In a cloud-based Web Application Firewall (WAF), customers redirect traffic (using DNS) to a service that analyzes and filters traffic before passing it through to the destination web application. Many cloud WAFs also include anti-DDoS capabilities.
Intrusion Detection/Prevention systems monitor behavior patterns using rule-based, heuristic, or behavioral models to detect anomalies in activity which might present risks to the enterprise. With IDS/IPS as a service, the information feeds into a service-provider's managed platform, as opposed to the customer being responsible for analyzing events themselves. Cloud IDS/IPS can use existing hardware for on-premises security, virtual appliances for in-cloud (see Domain 7 for the limitations), or host-based agents.
Security Information and Event Management (SIEM) systems aggregate (via push or pull mechanisms) log and event data from virtual and real networks, applications, and systems. This information is then correlated and analyzed to provide real-time reporting on and alerting of information or events that may require intervention or other types of responses. Cloud SIEMs collect this data in a cloud service, as opposed to a customer-managed, on-premises system.
These services encrypt data and/or manage encryption keys. They may be offered by cloud services to support customer-managed encryption and data security. They may be limited to only protecting assets within that specific cloud provider, or they may be accessible across multiple providers (and even on-premises, via API) for broader encryption management. The category also includes encryption proxies for SaaS, which intercept SaaS traffic to encrypt discrete data.
However, encrypting data outside a SaaS platform may affect the ability of the platform to utilize the data in question.

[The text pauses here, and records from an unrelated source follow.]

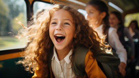 Joyful ride: fun students on a school bus, sharing laughter and creating memories on their journey to school, embodying the spirit of friendship and adventure during their commute together.
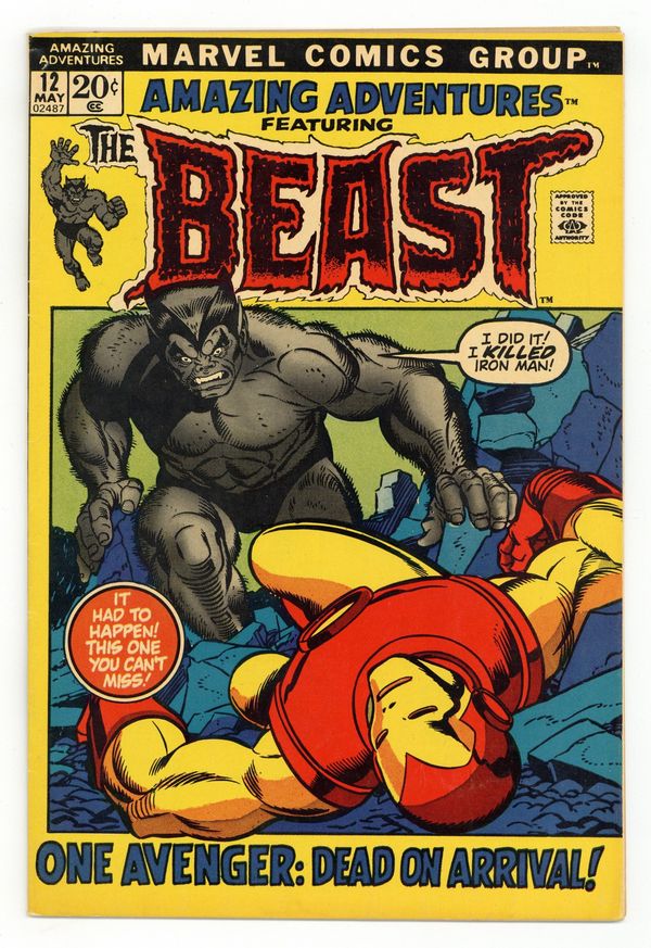 Starts Feb 23 Cover pencils by Gil Kane, inks by Joe Sinnott. "Iron Man: D.O.A.", script by Steve Englehart, pencils by Tom Sutton, inks by Mike Ploog; The military is out looking for the Beast in connection with the death of Carl Maddicks, scientist working for the Brant Corporation, and unknown to everyone secretly giving secrets to a enemy organization; While hiding out, Beast reflects back on the events that led to him turning into a hairy beast and how he cannot change back to his normal form; As he is hiding, the Beast is contacted telepathically by Marvel Girl and Professor X; Mastermind, Unus the Untouchable, and the Blob appear. 36 pgs, full color. $0.20. Cover price $0.20.
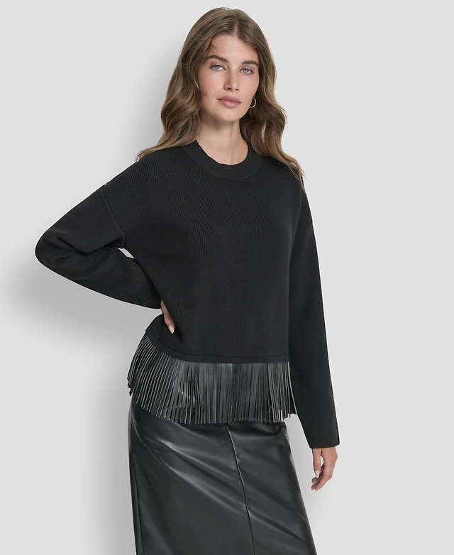 Dkny Women's Long Sleeve Fringe Hem Sweater

Providers of cloud BC/DR services back up data from individual systems, data centers, or cloud services to a cloud platform instead of relying on local storage or shipping tapes. They may use a local gateway to speed up data transfers and local recoveries, with the cloud service serving as the final repository for worst-case scenarios or archival purposes.
These services roll up traditional security management capabilities, such as EPP (endpoint) protection agent management, network security, mobile device management, and son into a single cloud service. This reduces or eliminates the need for local management servers and may be particularly well suited for distributed organizations.
By nature, most DDoS protections are cloud-based. They operate by rerouting traffic through the DDoS service in order to absorb attacks before they can affect the customer's own infrastructure.
- Before engaging a SecaaS provider, be sure to understand any security-specific requirements for data handling (and availability), investigative, and compliance support.
- Pay particular attention to handling of regulated data, like PII.
- Understand your data retention needs and select a provider that can support data feeds that don't create a lock-in situation.
- Ensure that the SecaaS service is compatible with your current and future plans, such as its supported cloud (and on-premises) platforms, the workstation and mobile operating systems it accommodates, and so on.